Bench-Top Cooling of a Microwave Mode Using an Optically Pumped Spin Refrigerator.

We experimentally demonstrate the temporary removal of thermal photons from a microwave mode at 1.45 GHz through its interaction with the spin-polarized triplet states of photo-excited pentacene molecules doped within a p-terphenyl crystal at room temperature. The crystal functions electromagnetically as a narrowband cryogenic load, removing photons from the otherwise room-temperature mode via stimulated absorption. The noise temperature of the microwave mode dropped to 50_{-32}^{+18} K (as directly inferred by noise-power measurements), while the metal walls of the cavity enclosing the mode remained at room temperature.

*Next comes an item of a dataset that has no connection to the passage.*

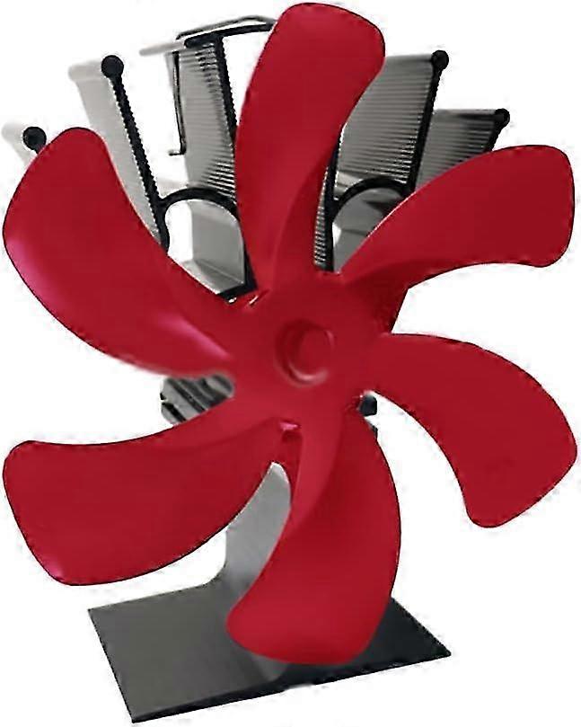 This is a fan that uses thermal energy to generate electricity as energy to circulate the hot air generated by the wood burning fireplace. There is a thermoelectric module on the fan, which acts as a small generator to drive the motor of the fan. The current is generated when the generator module experiences the thermal difference between the top and bottom surfaces. The bottom of the fan heats the bottom surface of the module, while the top of the module is kept cool by the top heat sink of the fan. As long as it is placed on the burning stove, it will absorb heat energy to drive the fan to rotate, so as to directly blow the hot air above the wood burning fireplace to the living area, increase the air circulation in the room, and improve the heating efficiency of the stove The rotation speed of the fan depends on the temperature of the wood burning furnace. The higher the temperature of the furnace, the faster the rotation speed. When the furnace temperature is low enough to extinguish the fire, the rotation speed will slow down until it stops. No assembly required, just place this small stove fan on a smooth flat surface of your stovetop, the fan will automatically rotate with the temperature getting higher. The hotter the stovetop is, the faster the stove fan spins and the more warm air the eco fan circulates. Material: alumina Color:Red Air volume: 180-210 Blade: 6 Wind speed: 800-1100rpm

Simulations based on the same system's behavior as a maser (which could be characterized more accurately) indicate the possibility of the mode's temperature sinking to ∼10 K (corresponding to ∼140 microwave photons). These observations, when combined with engineering improvements to deepen the cooling, identify the system as a narrowband yet extremely convenient platform-free of cryogenics, vacuum chambers, and strong magnets-for realizing low-noise detectors, quantum memory, and quantum-enhanced machines (such as heat engines) based on strong spin-photon coupling and entanglement at microwave frequencies.